Your list is interesting. To each there own man.


----------



## loomaluftwaffe (Feb 12, 2006)

the stuka wasnt bad till like 1941-43 not sure


----------



## Gnomey (Feb 12, 2006)

Stuka's were mauled by the RAF in the Battle of Britain and they were withdrawn from frontline service.


----------



## DerAdlerIstGelandet (Feb 12, 2006)

Stukas were only good when you had air supperiority which the Luftwaffe did not gain in the BoB.


----------



## plan_D (Feb 12, 2006)

I'd rather have the Whitley for my bomber in 1939. It could carry more than most, if not all "heavy" bombers of the time. 

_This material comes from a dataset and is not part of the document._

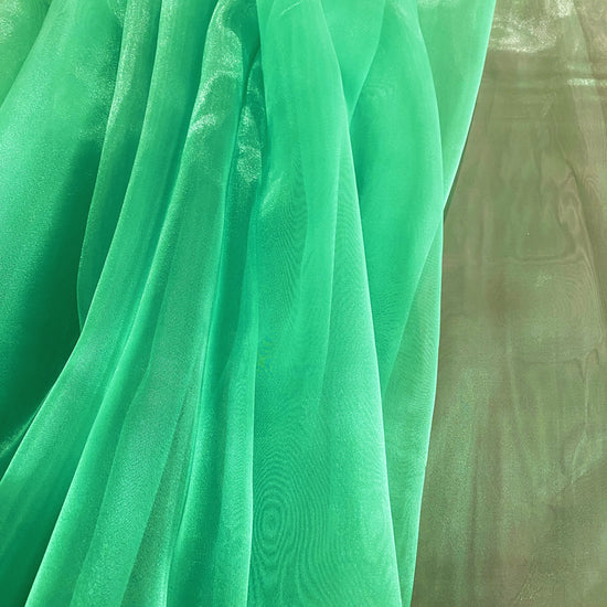 Polyester organza in Lime Green. This lightweight fabric has a fine plain weave with a grainy metallic lustre and a dry handle. It has a structured drape, semi-sheer coverage, and no stretch.

The Ju-87 was withdrawn from front-line service in the ETO. It's worth had vanished. It was obvious that Britain would not give in because of bombing, and the RAF was a strength the Luftwaffe could not overwhelm. 
The Stuka was still in use in North Africa and Russia, to deadly effect. Not so much against the British and Commonwealth in North Africa, after all they knew what to expect. 
In Russia it was a deadly machine right up until the wars end. Even the most battle-hardened of Soviet troops could be shaken by the sirens of Stukas. I imagine in their high spirits an appearance of enemy bombers shocked them out of their skin. After all, weren't the VVS supposed to have air superiority by 1945? Most, if not all, Red Army troops would question that. 

The Stuka was not a bad aircraft, certainly not. But it could only operate in situations with air superiority. Isn't that true for all bombers save the greats?


----------



## DerAdlerIstGelandet (Feb 13, 2006)

You are correct pD, and if you look at the East Front I dont think you can say that the Russians had complete control of there skies even in 1945. The Luftwaffe desimated the VVS.


----------



## loomaluftwaffe (Feb 13, 2006)

thats because it isnt a strategic bomber, what the Germans needed, they thought that u can use the stuka as a strategic bomber, the stuka is meant to support the army's advance/sink ships, etc


----------



## the lancaster kicks ass (Feb 13, 2006)

> I'd rather have the Whitley for my bomber in 1939. It could carry more than most, if not all "heavy" bombers of the time.



well until designs like the stirling came around the RAF did class her as a Heavy bomber..........


----------



## CurzonDax (Feb 15, 2006)

Saw a movie this weekend called Dive Bomber with Eroll Flynn and Fred McMurry. What it has to do with this list is that it does show what the USN had available in 1939-40. It was also filmed in technicolor which also showed very well the peactime USN colors on thier planes. Also it was filmed on the Lex with its distinctive stacks. List of planes shown were Devastators, F2Fs , F3Fs, Vindicators, Buffalos, PBYs,a host of trainers, and so on.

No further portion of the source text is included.